Xie, Qing; Zhang, Yu; Janzen, Eli; Edgar, James H; Xu, Xiaoji G.
Afiliación
  • Xie Q; Department of Chemistry, Lehigh University, Bethlehem, PA, US.
  • Zhang Y; Ames National Laboratory, Iowa State University, Ames, IA, US.
  • Janzen E; Tim Taylor Department of Chemical Engineering, Kansas State University, Manhattan, KS, US.

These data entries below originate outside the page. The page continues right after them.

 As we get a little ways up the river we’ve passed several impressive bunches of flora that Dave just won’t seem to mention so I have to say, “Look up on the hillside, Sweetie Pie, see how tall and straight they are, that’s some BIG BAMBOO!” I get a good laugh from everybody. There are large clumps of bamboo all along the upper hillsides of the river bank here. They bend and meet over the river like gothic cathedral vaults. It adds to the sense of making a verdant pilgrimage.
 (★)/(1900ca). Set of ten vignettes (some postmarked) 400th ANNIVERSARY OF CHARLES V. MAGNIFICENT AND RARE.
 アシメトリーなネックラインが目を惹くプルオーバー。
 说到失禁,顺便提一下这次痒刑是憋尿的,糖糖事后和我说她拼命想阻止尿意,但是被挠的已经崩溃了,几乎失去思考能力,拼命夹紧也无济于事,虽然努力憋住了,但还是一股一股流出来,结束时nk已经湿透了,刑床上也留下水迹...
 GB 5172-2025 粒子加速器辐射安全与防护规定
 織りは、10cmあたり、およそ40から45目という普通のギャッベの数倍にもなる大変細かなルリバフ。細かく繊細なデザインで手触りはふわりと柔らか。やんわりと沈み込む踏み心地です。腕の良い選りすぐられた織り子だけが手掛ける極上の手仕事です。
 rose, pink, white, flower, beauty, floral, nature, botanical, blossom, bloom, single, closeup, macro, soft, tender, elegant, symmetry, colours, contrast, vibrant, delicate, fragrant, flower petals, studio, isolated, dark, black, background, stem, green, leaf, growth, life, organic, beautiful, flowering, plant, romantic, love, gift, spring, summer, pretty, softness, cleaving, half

  • Edgar JH; Tim Taylor Department of Chemical Engineering, Kansas State University, Manhattan, KS, US.
  • Xu XG; Department of Chemistry, Lehigh University, Bethlehem, PA, US. xgx214@lehigh.edu.
Nat Nanotechnol ; 19(8): 1108-1115, 2024 Aug.
Article en En | MEDLINE | ID: mdl-38750165
ABSTRACT
For decades, infrared (IR) spectroscopy has advanced on two distinct frontiers enhancing spatial resolution and broadening spectroscopic information. Although atomic force microscopy (AFM)-based IR microscopy overcomes Abbe's diffraction limit and reaches sub-10 nm spatial resolutions, time-domain two-dimensional IR spectroscopy (2DIR) provides insights into molecular structures, mode coupling and energy transfers. Here we bridge the boundary between these two techniques and develop AFM-2DIR nanospectroscopy. Our method offers the spatial precision of AFM in combination with the rich spectroscopic information provided by 2DIR. This approach mechanically detects the sample's photothermal responses to a tip-enhanced femtosecond IR pulse sequence and extracts spatially resolved spectroscopic information via FFTs. In a proof-of-principle experiment, we elucidate the anharmonicity of a carbonyl vibrational mode. Further, leveraging the near-field photons' high momenta from the tip enhancement for phase matching, we photothermally probe hyperbolic phonon polaritons in isotope-enriched h10BN. Our measurements unveil an energy transfer between phonon polaritons and phonons, as well as among different polariton modes, possibly aided by scattering at interfaces. The AFM-2DIR nanospectroscopy enables the in situ investigations of vibrational anharmonicity, coupling and energy transfers in heterogeneous materials and nanostructures, especially suitable for unravelling the relaxation process in two-dimensional materials at IR frequencies.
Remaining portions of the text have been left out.